The bank's first series (circa 1876) was printed by American Bank Note Company. The notes were uniface black on white with a tan underprint reading "CAPITAL 160,000 VENEZOLANOS". All three denominations have a payment clause reading "Vale por [numeric counter] que se pagarán al portador en Carácas á la presentacion" and bear two signatures: Por la Direccíon + El Administrador. The notes are of uniform size: 207 × 104 mm.
- 5 venezolanos (P-S111) seated woman with boxes (centre)
- 20 venezolanos (P-S112) Columbus sighting land (centre)
- 100 venezolanos (P-S113) explorers landing (centre)

The bank's second series resulted from its 1877 reorganization and increase in capital. These are also uniface notes printed by American Bank Note Company. The notes are of a new design.
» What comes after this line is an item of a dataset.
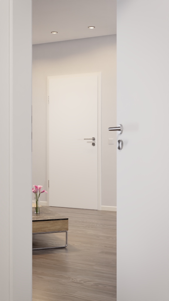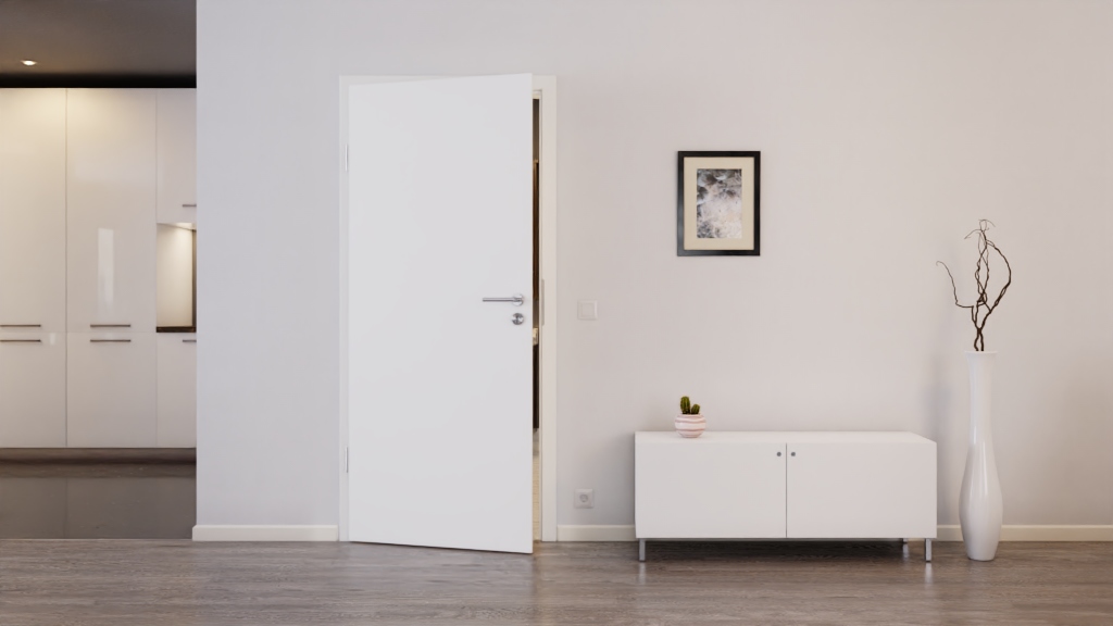 W niezawodnych drzwiach wewnętrznych znajduje się powierzchnia z ultramatowego Versio-Durat oraz rdzeń z płyty wiórowej:

The same payment clause is retained, but the underprint has been altered to "CAPITAL 200,000 VENEZOLANOS".
- 5 venezolanos, (P-S116)
- 20 venezolanos, blue underprint, (P-S117)
- 100 venezolanos (P-S118)

==State of Guayana==
The province of Guayana (Estado de Guayana) issued state notes of limited local significance in 1878-1880 for 50 centésimos and 1, 2, 4, and 8 venezolanos.